The European Union has warned France that it can not go higher in its tax burden. Unfortunately, as always, tax hikes delay the recovery and do not generate the desired revenues.

The tax increases are not helping consumer or employment, but also do not improve the borrowing countries. Keep in mind that at the end of 2013 the debt to GDP in the euro area might exceed the current 90.6% by at least 1%, and that the state deficits continues to rise above 4%. In this environment of low interest rates and moderate risk premiums, there seems to be little problem, but low interest rates and strong bond demand do not last forever.

But the relative calm in Europe can not mask the huge debt problem across the eurozone, and should be used to prepare a challenging winter.

European countries, and peripherals in particular are going to have to face excessive deficit budgets, and three risks :

  • Italian debt ratios that are much higher than expected.The financing needs of the public sector in 2013 already almost double the figure of 2012.
  • A current account deficit in France of nearly 60 billion in 2013, and a debt to GDP that is on its way to 100% in a short period of time (currently 91.7%).
  • A deficit in Spain that, despite the recovery, is exceeding all targets at 6.7%.

So why be optimistic?

Since the problem can be short-term financing and that Germany and the paying countries will continue to press for the much needed structural reforms, it is likely that, as I have commented in CNBC a few times, the European Central Bank might conduct another liquidity injection (LTRO) to help the financial system to face the risk of higher interest rates and possible bumps in the huge portfolio of government debt that banks accumulate. Only in Spain, more than 213.6 billion. European banks accumulate up to 20% of Europe’s sovereign debt and that weight is monitored constantly by the European Central Bank.
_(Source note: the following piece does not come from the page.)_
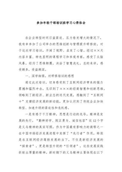 / 【七哥公文】2024年:参加年轻干部培训班学习心得体会+更多免费公文+VX:QiGeGongWen2024

But, like other liquidity injections, the problem will be generated if it is used to give another kick to the can and take this slight recovery as an opportunity to increase tax pressure and delay the reform of governments that spend between 10 and 50 billion more than they collect structurally. Because then we will find the same problem as in previous periods of slight improvements: the bureaucratic machine crushes the recovery.